Can Algonquin students who buy their meals on campus eat cheaply and nutritiously at the same time?

Most students come to the cafeteria on a regular basis as many do not pack their own lunches or drinks for the day. It is important to eat a proper, well-balanced meal.

This is something people out on their own for the first time often forget.

“I come to the cafeteria whenever I have school, so four times a week,” said Gary Gagne an electro-mechanical engineering technician robotics student. “The prices are good, I’ve been to Carleton and the University of Ottawa, and [the prices are] pretty good.”
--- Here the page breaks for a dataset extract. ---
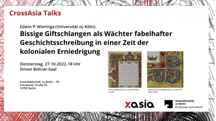 Am 27. Oktober 2022 lädt die Ostasienabteilung der Staatsbibliothek zu Berlin um 18 Uhr zu einem Vortrag mit Prof. Dr. Edwin P. Wieringa ein. Thema der Veranstaltung: »Bissige Giftschlangen als Wächter fabelhafter Geschichtsschreibung in einer Zeit der kolonialen Erniedrigung«
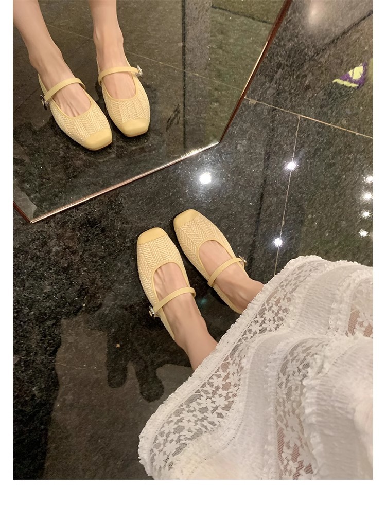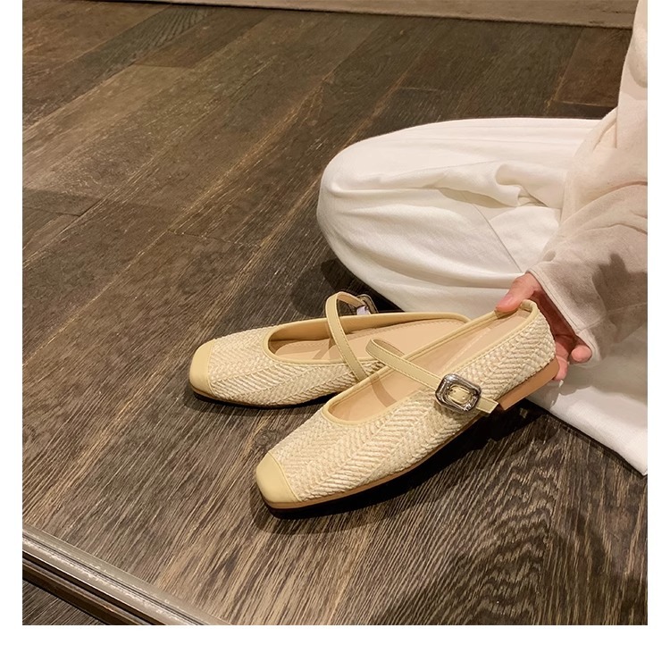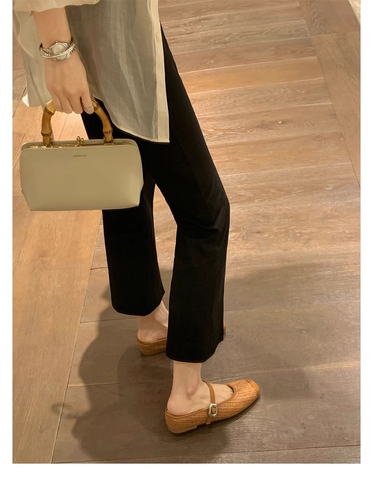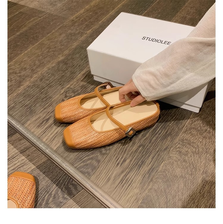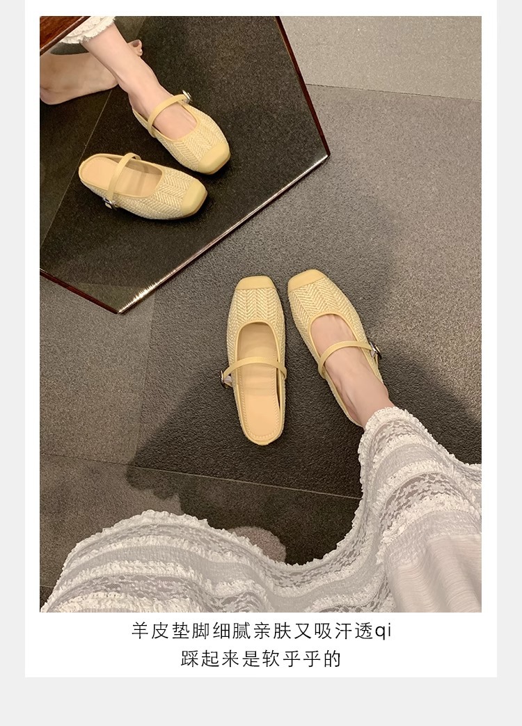 La madre de la uva aumenta 5cm en verano ~ Sandalias de cabeza cuadrada retro tejido de paja estilo vacacional perezoso medio arrastrando mujer verano

The cafeteria holds a few relatively inexpensive healthy food items available. Including tax; a small carton of vegetables is $2.98, a turkey pita is $4.52, a vegetarian pizza is $3.75 and a wrap of your choice is $4.69.
Some people argue they find the prices in the cafeteria to be expensive for students.

As many students come to school without pre-cooked or pre-packaged lunches, they are forced to go to the cafeteria for their lunches and snacks. On a regular basis, it can become very costly.

“It’s pretty expensive, definitely,” said Ashlynn Dunpny a first-year developmental social worker student.
But some students feel that the prices that are on the food are not fitting.

In addition to seeing more options in the cafeteria, students would also like to see the quality of their food improve.

“I think they should lower the prices for the quality [of the food] they’re providing,” said Ajay Khandavalli, a business administration student.

“Studies show that students on average gain three to 10 pounds during their first two years of college. Most of this weight gain occurs during the first semester of freshman year,” according to an online article, “Beating the Freshman 15” found on kidshealth.org.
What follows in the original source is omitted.